Superato l’ultimo ostacolo eccolo studente ‘con profitto ’ (ora alla Magistrale), per riuscire a conciliare studio e lavoro. Che, nel corso degli anni, dopo Perugia, lo ha visto passare per Assisi, Chieti e arrivare nella città delle Ceramiche. In Abruzzo e a Civita Castellana gioca con continuità nella serie D. Senza farne drammi scende in Eccellenza (Cynthia – Valle del Tevere – FAVL Cimini) prima dell’approdo a Orvieto dove arriva insieme al D.S. attuale Severino Capretti, suo estimatore da sempre. Il Covid rovina i piani suoi e dell’Orvietana: “Un anno spettacolare. Con mister Fiorucci eravamo a un passo dai play off. Alla vigilia di una partita, quasi decisiva, arrivò la sospensione. Un vero peccato. Però, sono felice aver ritrovato la serie D adesso. Con l’occasione mando un saluto a mister Ciccone che conosco e al quale dobbiamo molto per questo traguardo, come a Proietti, Fapperdue, Sciacca, Boninsegni, Guazzaroni, amici e protagonisti di quell’avventura, alcuni dei quali ritrovati poi al BMG, ultima tappa prima del ritorno, da me graditissimo, a Orvieto”. Difficile, anzi impossibile, trovare una piazza dove Leonardo Josè non si sia fatto apprezzare quale uomo e giocatore.
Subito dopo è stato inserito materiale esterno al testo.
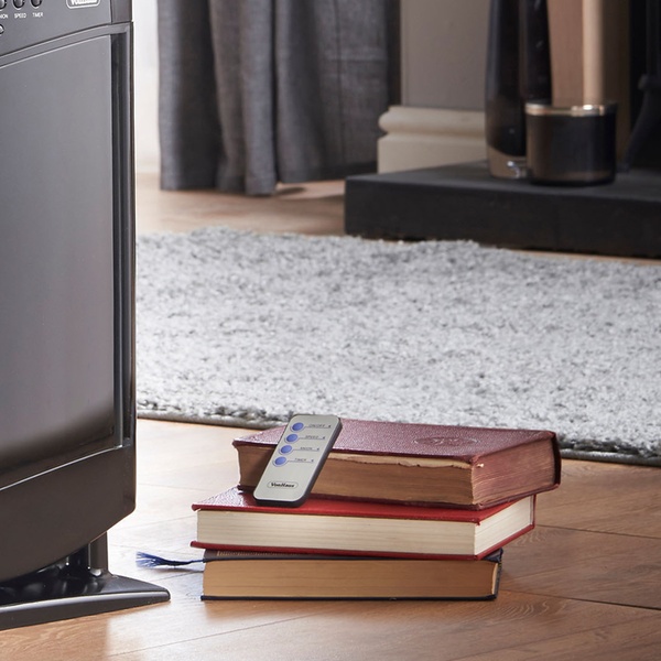 - Features buttons: on/off, fan speed, timer and ioniser on/off

Fa bene il suo lavoro, altrettanto retto il comportamento in campo e fuori. Anche a Orvieto vanta tanti estimatori. Peccato per l’infortunio che lo ha costretto a saltare diverse partite. Adesso è tornato, pronto a occupare un posto sulle corsie esterne, zone del campo a lui più gradite: “Sulle fasce ho ricoperto un po’ tutti i ruoli. Difensore, braccetto, centrale in una difesa a tre e qualche allenatore mi ha impiegato anche come interno”. Se fossi tu a scegliere: “ Sempre la metà campo offensiva. Mi piace attaccare più che difendere”. E qui fa di nuovo capolino il Paletta sudamericano, anche se comprende benissimo come la cultura calcistica, almeno italiana, sia più votata a non prenderle. Il periodo di stop è andato oltre la previsione e adesso si ricomincia da dove aveva lasciato: “I miei compagni hanno fatto molto bene fino a ora. A mio giudizio il gruppo è stato assemblato molto bene, con ragazzi seri e professionali che mettono al primo posto il bene della squadra. Le assenze non hanno mai pesato sul rendimento perché chi scende in campo è sempre pronto a dare il sangue per i compagni”.